MATERIAL SUPPLIED START

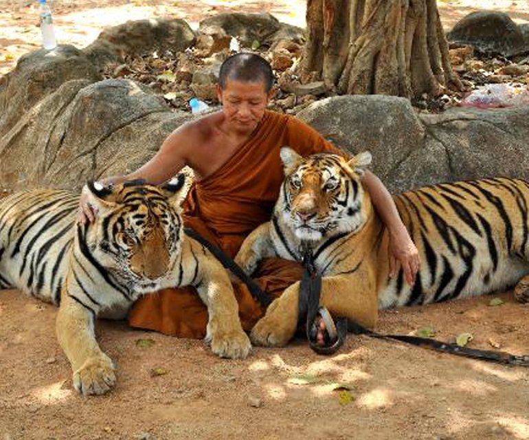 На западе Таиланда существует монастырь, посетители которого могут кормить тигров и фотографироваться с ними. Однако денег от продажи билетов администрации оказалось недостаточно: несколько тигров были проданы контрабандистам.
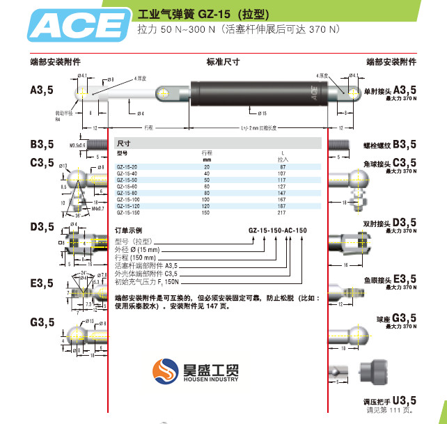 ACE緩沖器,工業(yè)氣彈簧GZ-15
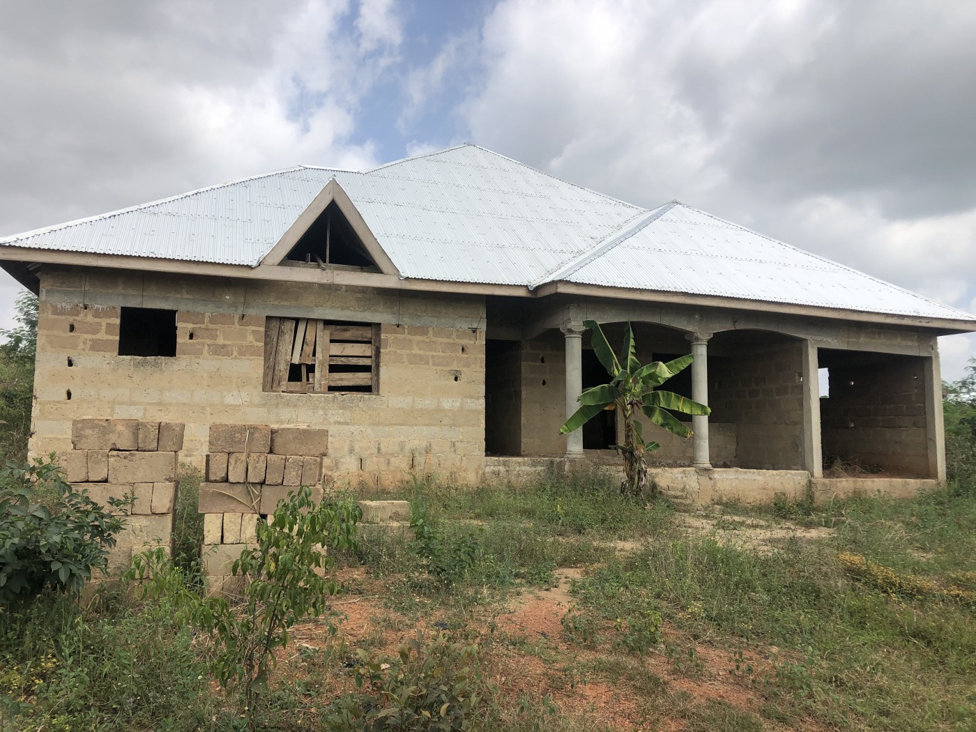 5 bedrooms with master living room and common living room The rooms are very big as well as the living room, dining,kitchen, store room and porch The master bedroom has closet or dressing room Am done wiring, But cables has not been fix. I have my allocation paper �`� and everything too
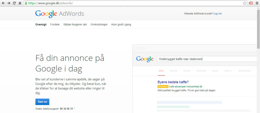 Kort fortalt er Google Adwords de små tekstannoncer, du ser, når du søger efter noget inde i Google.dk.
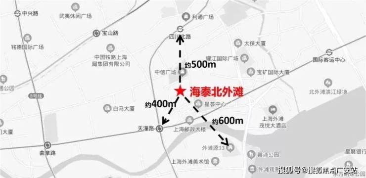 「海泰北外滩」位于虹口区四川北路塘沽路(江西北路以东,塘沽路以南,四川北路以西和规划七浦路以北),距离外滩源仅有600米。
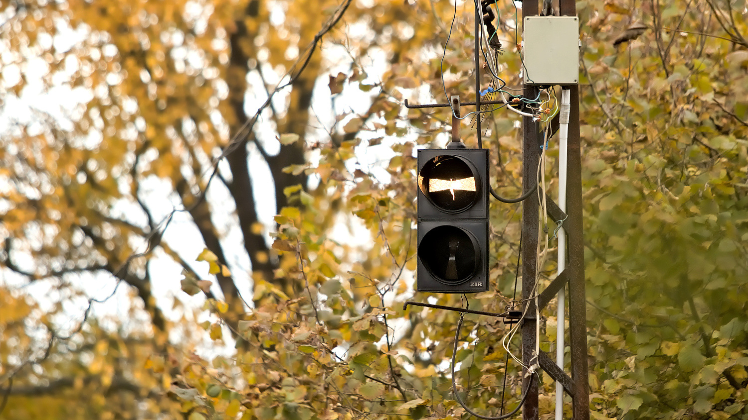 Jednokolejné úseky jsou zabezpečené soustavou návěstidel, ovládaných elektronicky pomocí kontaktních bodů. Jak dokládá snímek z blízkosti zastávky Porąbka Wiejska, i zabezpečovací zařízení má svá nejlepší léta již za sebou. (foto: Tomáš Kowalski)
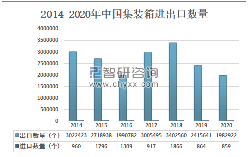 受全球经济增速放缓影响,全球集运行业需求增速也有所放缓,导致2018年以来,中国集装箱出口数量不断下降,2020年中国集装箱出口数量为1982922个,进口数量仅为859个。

MATERIAL SUPPLIED END
MATERIAL SUPPLIED START

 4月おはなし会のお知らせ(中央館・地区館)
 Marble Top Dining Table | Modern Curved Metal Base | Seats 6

MATERIAL SUPPLIED END
MATERIAL SUPPLIED START

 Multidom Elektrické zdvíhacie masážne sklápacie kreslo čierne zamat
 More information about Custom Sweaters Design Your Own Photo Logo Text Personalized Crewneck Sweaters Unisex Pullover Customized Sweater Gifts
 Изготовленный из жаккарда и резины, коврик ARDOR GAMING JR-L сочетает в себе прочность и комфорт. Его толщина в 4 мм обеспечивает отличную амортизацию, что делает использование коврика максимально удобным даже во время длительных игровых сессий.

MATERIAL SUPPLIED END

§ YOUR ASSIGNMENT: Given the listing above, retype only the span of lines from the line with "Jednokolejné úseky jsou" up to and including the line with "受全球经济增速放缓影响,全球", exactly as it stands and without pictures.

§ RESULT OF THIS TASK:
 Jednokolejné úseky jsou zabezpečené soustavou návěstidel, ovládaných elektronicky pomocí kontaktních bodů. Jak dokládá snímek z blízkosti zastávky Porąbka Wiejska, i zabezpečovací zařízení má svá nejlepší léta již za sebou. (foto: Tomáš Kowalski)
 受全球经济增速放缓影响,全球集运行业需求增速也有所放缓,导致2018年以来,中国集装箱出口数量不断下降,2020年中国集装箱出口数量为1982922个,进口数量仅为859个。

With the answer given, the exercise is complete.